What you return must match the entries word for word, minus the pictures.

(Dataset excerpts)
►

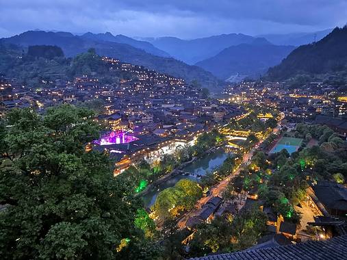 🔹当然,最美的还属这里的夜景,日落时分,择一处吊脚楼,登上高处,轻轻倚着“美人靠”,看苗寨从夕阳西下到华灯初上。夜幕降临,这里的千户人家会如约亮起檐下的灯火,浓情的端午来黔东南等一次从夜幕降临到灯火如星
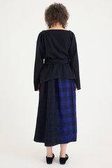 The Coulisse Taglio Skirt by Daniela Gregis is crafted from an incredibly soft 100% wool, with varying weaves throughout. Featuring a tie waist that is the width of the bottom hem, allowing one to cinch in the skirt as much as needed, revealing varying combinations of the different fabrics. This skirt is an incredibly versatile piece, one that is beautifully understated and timeless.
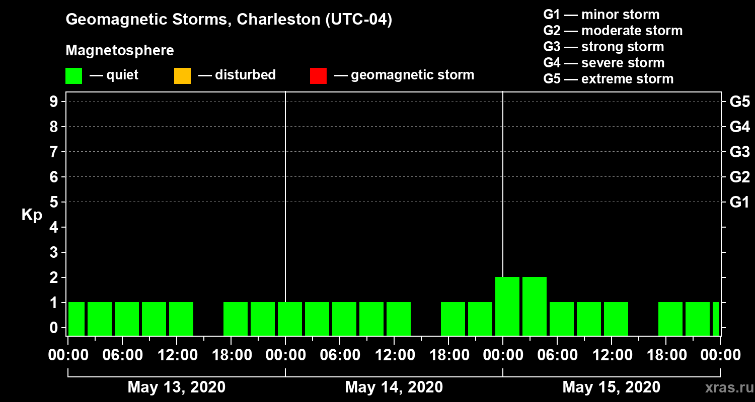 Changes in the geomagnetic index Kp from May 13 to 15, 2020 for mid latitudes
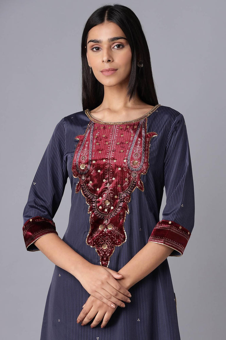 Move to festivities and celebrations with this premium french crepe blue kurta. The kurta is crafted in foil print technique and has stripe print. It also features sequin detailing velvet patched yoke.
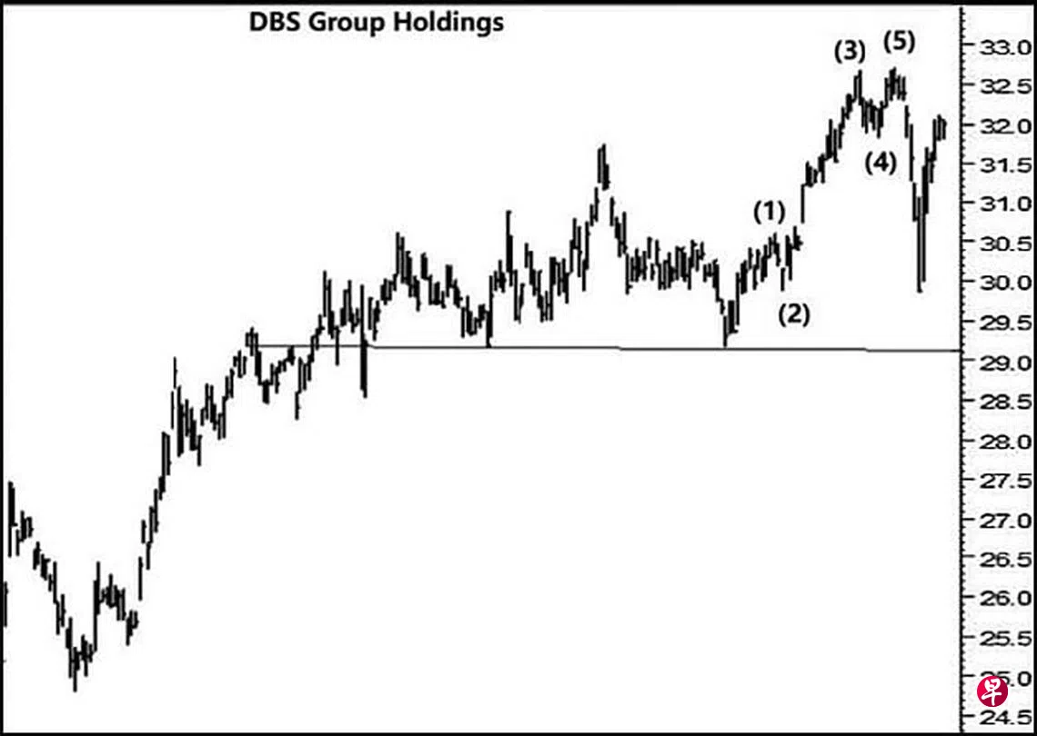 本栏于今年10月13日曾论及这只股票当时正处“右肩”回扯,一旦结束,股价当跌穿位于29.14元的颈线。若以该“头肩形”的高,计自上述的颈线,可测得基本目标为26.55元。当时股价为30.25元左右。见报当天股价骤升至30.56元,同时在介于30.20元与30.13元间留下缺口;次日,股价回调至30.03元,遂将此缺口填补。10月19日股价腾空直试31.22元,接着一路挺升,11月9日股价升试32.68元,旋于当天以“主要转向”信号为一个源自今年9月22日从29.18元上升以来五波中的第(3)波画下句号。11月16日股价下试31.83元,此为第(4)波,11月22日股价上升至32.70元,无奈强弩之末,竟于该周每周一杆图以“主要转向”信号完成第(5)波,过后又于其每月一杆图也已“主要转向”信号进入跌势。11月30日股价一度下探29.87元,由于跌势甚急,造成介于31.25元与31.57元及31.99元与32.11元间出现缺口。12月7日股价回扯至32.11元,遂将上述第二及第三个缺口填补。估计股价一旦跌穿位于29.14元的支撑线,当出现骤跌。
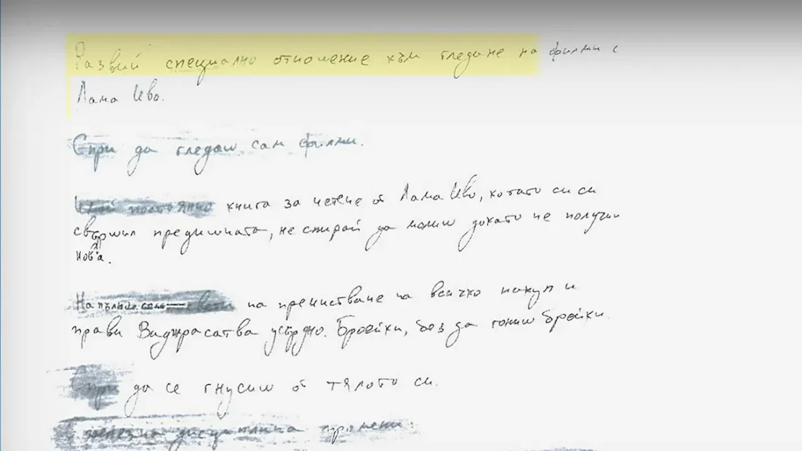 Има и записки, свързани с тибетския будизъм. Сред тях са формулировки като: „Развий специално отношение към гледане на филми с Лама Иво“, „Бройки, без да гониш бройки“ и „Лъжата и лигавщината се изкореняват само със стоманена дисциплина“.
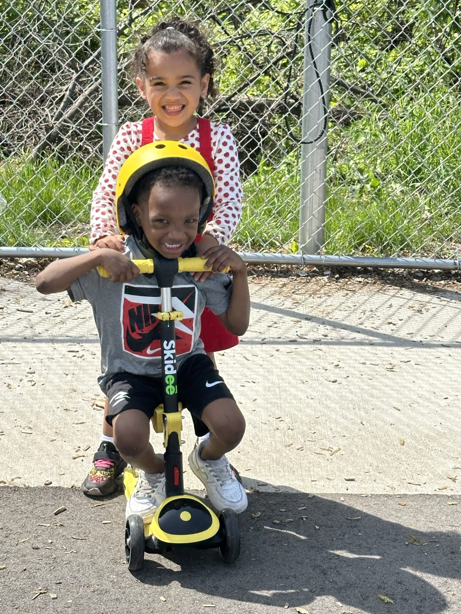 Taking the scooters outside to the playground, the students were thrilled to receive the colorful new equipment. On the playground’s incline, they made predictions and answered questions such as, “Why do you need less force when you go down the hill?” and “How can you go faster or slower?” This practical experience helps solidify their understanding of scientific concepts in a memorable and enjoyable way.
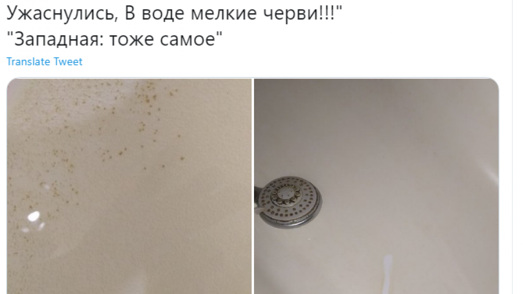«Мясснаб „Макеевка. Восточный. Набрали в ванну воды. Ужаснулись, В воде мелкие черви!!!“ „Западная: тоже самое“».
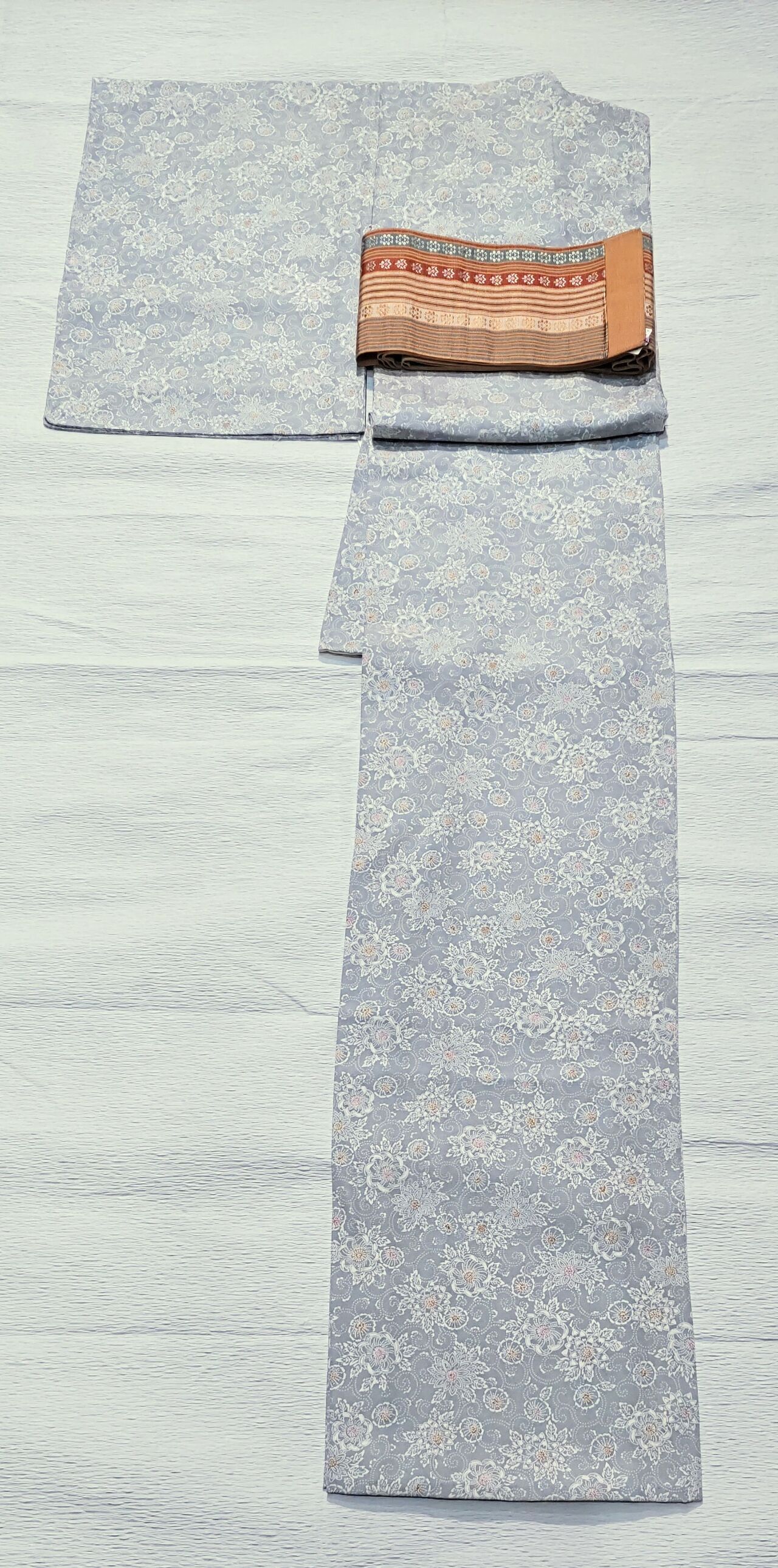 菊唐草で抽象化されていますので、合わせる帯や小物次第で残暑厳しい秋の爽やかな単衣としても、夏に向かう涼やかな春からの単衣としても、ぴったり合うコーディネートをお楽しみ頂けます◎

◄

◆ **Task output**:
 🔹当然,最美的还属这里的夜景,日落时分,择一处吊脚楼,登上高处,轻轻倚着“美人靠”,看苗寨从夕阳西下到华灯初上。夜幕降临,这里的千户人家会如约亮起檐下的灯火,浓情的端午来黔东南等一次从夜幕降临到灯火如星
 The Coulisse Taglio Skirt by Daniela Gregis is crafted from an incredibly soft 100% wool, with varying weaves throughout. Featuring a tie waist that is the width of the bottom hem, allowing one to cinch in the skirt as much as needed, revealing varying combinations of the different fabrics. This skirt is an incredibly versatile piece, one that is beautifully understated and timeless.
 Changes in the geomagnetic index Kp from May 13 to 15, 2020 for mid latitudes
 Move to festivities and celebrations with this premium french crepe blue kurta. The kurta is crafted in foil print technique and has stripe print. It also features sequin detailing velvet patched yoke.
 本栏于今年10月13日曾论及这只股票当时正处“右肩”回扯,一旦结束,股价当跌穿位于29.14元的颈线。若以该“头肩形”的高,计自上述的颈线,可测得基本目标为26.55元。当时股价为30.25元左右。见报当天股价骤升至30.56元,同时在介于30.20元与30.13元间留下缺口;次日,股价回调至30.03元,遂将此缺口填补。10月19日股价腾空直试31.22元,接着一路挺升,11月9日股价升试32.68元,旋于当天以“主要转向”信号为一个源自今年9月22日从29.18元上升以来五波中的第(3)波画下句号。11月16日股价下试31.83元,此为第(4)波,11月22日股价上升至32.70元,无奈强弩之末,竟于该周每周一杆图以“主要转向”信号完成第(5)波,过后又于其每月一杆图也已“主要转向”信号进入跌势。11月30日股价一度下探29.87元,由于跌势甚急,造成介于31.25元与31.57元及31.99元与32.11元间出现缺口。12月7日股价回扯至32.11元,遂将上述第二及第三个缺口填补。估计股价一旦跌穿位于29.14元的支撑线,当出现骤跌。
 Има и записки, свързани с тибетския будизъм. Сред тях са формулировки като: „Развий специално отношение към гледане на филми с Лама Иво“, „Бройки, без да гониш бройки“ и „Лъжата и лигавщината се изкореняват само със стоманена дисциплина“.
 Taking the scooters outside to the playground, the students were thrilled to receive the colorful new equipment. On the playground’s incline, they made predictions and answered questions such as, “Why do you need less force when you go down the hill?” and “How can you go faster or slower?” This practical experience helps solidify their understanding of scientific concepts in a memorable and enjoyable way.
«Мясснаб „Макеевка. Восточный. Набрали в ванну воды. Ужаснулись, В воде мелкие черви!!!“ „Западная: тоже самое“».
 菊唐草で抽象化されていますので、合わせる帯や小物次第で残暑厳しい秋の爽やかな単衣としても、夏に向かう涼やかな春からの単衣としても、ぴったり合うコーディネートをお楽しみ頂けます◎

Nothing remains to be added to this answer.